Religious Rhetoric as a Cover

Louisa Lombard is a Ciriacy-Wantrup postdoctoral fellow in the Department of Geography at the University of California at Berkeley. She first visited the Central African Republic in 2003 and has been studying the country since.

April 20, 2014

The anti-balaka Christian militias that have arisen in the Central African Republic since late 2013 frequently express their grievances in a religious idiom. They have destroyed mosques and called for all Muslims to leave the country. Until he was ousted in 2013, former President François Bozizé politicized religion in a new way, giving it new importance as a criterion in who to trust.

But even as someone who has been following those developments and warned that conflict was likely to escalate, I have been taken aback by how seemingly easily people have slipped into this rhetoric and violence. This is more indicative of the way that mass violence seems always to exceed its targets, and how national wars provide opportunities for more localized score-settling, than it is of Central Africa being on the brink of a religious war.

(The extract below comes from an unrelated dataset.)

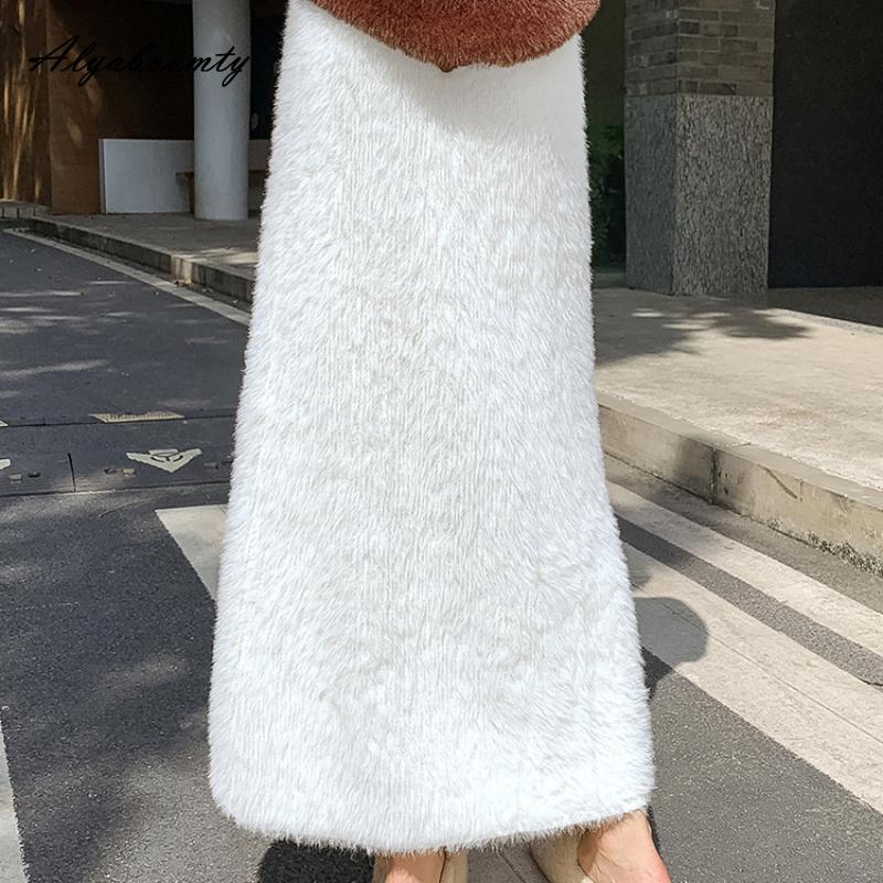 Корейская мода осень-зима женская длинная юбка трапециевидной формы с высокой талией белый абрикосовый серый черный хаки юбка из искусственного меха элегантная женская офисная пышная юбка One Size

In their explanations of why they are fighting and whom they are targeting, the anti-balaka fighters are not entirely coherent. They are firm that theirs are political grievances, not religious: they are targeting the foreigners, the men-in-arms from the Chad and the Darfur borderlands, who have looted and attacked their country in conjunction with the last two coups (in 2003 and 2013), and who happen to be Muslim. Anti-balaka fighters’ actions exceed this narrow category of target, however. All Muslims in the southern and western parts of the country have been persecuted, and only a few still remain in the capital, where they are trapped in two small peacekeeper-protected zones. To better understand this slippage – from a narrow category of enemy to a broad one, and back – it is necessary to delve into other aspects of the targets’ identities besides their religion. Doing so reveals a mosaic of jealousy and mistrust and a range of festering, localized conflicts in a context of socio-economic duress.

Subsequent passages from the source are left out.